The MacLean said nothing. But his eyes glinted and his expression turned a bit more stubborn, his casual pose on the pallet, a mite too contrived.
He was jealous.
Tucking that away to consider later, Isolde turned to Gavin. “Good sir, can you tell me if the rumors are true? Does Iain MacLean have an uncontrollable temper?”
“Ah, well…” A crease appeared in Gavin’s brow, his open features clouding. He started to reply, but she spoke first.
“So it is true,” she said, her heart sinking.
“Aye, he does!” The MacLean shot to his feet, his eyes blazing. “All MacLean men have tempers, if you’d hear the truth. But we dinnae murder our wives.”
“What of the MacLean who started our feud?” She had him there. “You will remember. The laird who drowned his MacInnes bride on the Lady Rock.”
“May the wrath of the gods sink that accursed islet beneath the sea,” he swore, then glared at the ceiling. When he looked back at her, a cold mask had settled over his face.
“That happened so many centuries ago there is scarce a MacLean or a MacInnes who recalls the names of that ill-fated pair.”
“But we know the names of Iain and Lileas.”
“So we do.” He turned away from her. His shoulders tensed visibly, and when he tightened his hands at his sides, his knuckles gleamed white.
“MacLean men are strong-passioned,” he said. “When a MacLean loves a woman, he is a man consumed. With every breath he takes, he gives her all of himself, protects her with his life. She is his life.”
Isolde took a step backward, almost reeling from the power of his declaration. His words, his passion, seemed to fill the cell, crowding the air and causing the walls, the floor, and ceiling, to swoop in to crush her.
She put a hand to her breast, drew a thin breath. From the corner of her eye, she saw Sir Gavin push to his feet and start toward her.
“You’re frightening her, Donall. Have done.” He might have said more, but the MacLean thrust out his arm and grabbed his friend’s elbow, halting him.
“Nae, I am no’ scaring her.” He glowered at Sir Gavin. “She is bold. She wouldn’t flinch if every stone in Scotland leapt up, grew horns, seized lightning bolts as spears, and came bounding after her. I am telling her what she wants to know, the truth.”
Keeping his gaze on her, he released Sir Gavin and folded his arms. “You did come here for answers, did you not?”
Isolde glanced at Sir Gavin. He was staring at the MacLean with a look she couldn’t place.
“Well?” The MacLean narrowed his eyes at her. “Will you admit it?”
“Of course, I want the truth.”
“By the hounds, Donall, stop scowling at her.” Sir Gavin gave him a light shove. “You are being an arse.”
“She should listen,” the MacLean said, stepping in front of her.
“I do.” Isolde’s heart stocked. The sheer male power streaming from him kept her as firmly in place as his chain held him. “I always listen.”
“That is good.” He cupped her chin, lifting her face to his. “Better would be accepting the truth.”
“Yours or mine?”
“There is only one.” He stepped even closer, smoothed the side of his thumb along her jaw. “It lurks out there in the mist, somewhere just beyond our kenning. We cannae yet see it, but we will. Do you agree?”
She nodded.
Some of his fierceness eased, but the flare of triumph in his eyes was almost as unsettling as his frown.
Worse, he leaned in again, this time coming so near that his soft, warm breath brushed her cheek. Her heart thumped for she knew he was going to kiss her. But he only inclined his head as if acknowledging her surrender. To her surprise, he took his hand from her chin and stepped back from her.
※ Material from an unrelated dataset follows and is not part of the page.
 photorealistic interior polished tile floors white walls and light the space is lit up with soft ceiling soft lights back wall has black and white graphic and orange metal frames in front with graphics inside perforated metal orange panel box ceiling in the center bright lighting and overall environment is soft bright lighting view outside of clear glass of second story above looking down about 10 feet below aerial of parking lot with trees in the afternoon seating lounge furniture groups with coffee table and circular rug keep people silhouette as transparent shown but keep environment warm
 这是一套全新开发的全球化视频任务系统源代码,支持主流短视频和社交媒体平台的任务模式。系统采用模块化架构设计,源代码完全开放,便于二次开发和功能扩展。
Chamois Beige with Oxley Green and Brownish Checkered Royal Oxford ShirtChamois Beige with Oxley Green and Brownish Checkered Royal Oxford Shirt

Returning to his pallet, he stood beside it, one shoulder against the wall.
“See here, lass. For a MacLean to do away with his lady would mean ending himself as well,” he said, his voice low.
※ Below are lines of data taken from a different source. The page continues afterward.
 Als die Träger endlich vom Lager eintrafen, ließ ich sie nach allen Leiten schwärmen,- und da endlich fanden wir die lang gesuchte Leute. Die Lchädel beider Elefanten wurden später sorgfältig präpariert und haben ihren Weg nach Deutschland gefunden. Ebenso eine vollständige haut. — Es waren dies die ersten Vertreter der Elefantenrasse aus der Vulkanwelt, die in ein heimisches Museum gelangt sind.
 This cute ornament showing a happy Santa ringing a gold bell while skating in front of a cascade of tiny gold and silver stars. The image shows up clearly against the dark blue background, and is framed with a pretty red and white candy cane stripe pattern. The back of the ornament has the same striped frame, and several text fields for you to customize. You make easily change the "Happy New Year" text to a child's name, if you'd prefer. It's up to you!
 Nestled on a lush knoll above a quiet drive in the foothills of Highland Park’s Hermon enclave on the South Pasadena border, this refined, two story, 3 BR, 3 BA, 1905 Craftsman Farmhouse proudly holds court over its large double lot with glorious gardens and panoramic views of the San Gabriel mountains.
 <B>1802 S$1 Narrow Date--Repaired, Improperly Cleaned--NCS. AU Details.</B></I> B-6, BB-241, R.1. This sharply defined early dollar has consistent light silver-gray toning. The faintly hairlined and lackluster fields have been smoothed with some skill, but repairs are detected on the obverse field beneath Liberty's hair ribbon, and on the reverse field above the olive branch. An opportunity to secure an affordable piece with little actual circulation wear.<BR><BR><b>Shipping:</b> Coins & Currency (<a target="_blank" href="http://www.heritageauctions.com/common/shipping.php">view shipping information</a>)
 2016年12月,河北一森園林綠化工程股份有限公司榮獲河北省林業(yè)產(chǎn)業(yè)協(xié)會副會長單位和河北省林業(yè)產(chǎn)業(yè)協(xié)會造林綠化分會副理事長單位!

He gave her a long look and the smoldering in his dark eyes became a full-fledged burn. “That, Isolde of Dunmuir, is the way of it. My brother did not murder your sister. He loved her.”
To Isolde’s amazement, she believed him.
Or wanted to.
But Lileas’ sweet face loomed before her, pale lips moving, trying to tell her something. Then the image spiraled away, shattered by the hammering of Isolde’s heart.